Tor Johnson—actually Karl Erik Tore Johansson—became famous but not rich. Such was the fate of some early horror actors, including Bela Lugosi. Johnson hung out, however, with the low-budget crowd, making the most of his size to take on a kind of “enforcer” role. One of his recurring characters was “Lobo.” Lobo served mad scientists and had very little of his own brain power. He often had few, or no lines to learn. Having watched The Beast of Yucca Flats, in which he starred, I decided to see if The Unearthly was any better. The production values were certainly higher, but this was an earlier film by a different crew. It’s more like the standard fare you expect for a late fifties horror show. It features a mad scientist, and Lobo is, of course, the servant.
Dr. Charles Conway believes he has found the way to eternal life. It’s attained by transplanting a new gland into a human being. The problem is, it hasn’t worked so far. Like a true mad scientist, Conway is convinced that it will work, it’s just a matter of try, try again. And why advertise for willing subjects when you can have a local crooked doctor send you patients with various personality disorders, and no families, so that you can experiment on them? With slow-moving Lobo as his only security system, Conway carries on until a sting operation catches him red-handed. There’s really not much to this story. It doesn’t have the inspired inanity of an Ed Wood production, but then, it hasn’t really grown a cult following.

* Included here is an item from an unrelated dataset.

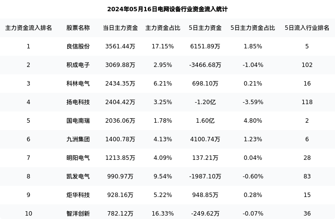从主力资金流向来看,电网设备行业今日主力资金流入45.24亿元,在所有申万二级行业中排名:81/131。

My reason for watching was Tor Johnson. Before I was born he’d attained the status of the model of a best-selling Halloween mask, based on his monster roles. This seems to indicate that his oeuvre was well known, despite the kinds of movies he was in. A large man who’d aged out of “professional wrestling,” Johnson had many uncredited movie roles before hooking up with Ed Wood. He was featured in three of Wood’s films, including the infamous Plan 9 from Outer Space. He’s part of a crowd surrounding the under-funded, independent filmmakers of an intriguing era before modern horror really came into its own. The Unearthly, where his famous line “Time for go to bed” is spoken, suffers from banality and has become pretty obscure. I personally wouldn’t have known to look for it had it not been for the fact that Johnson was in it, dragging it into the “must watch” category. And that it was a freebie.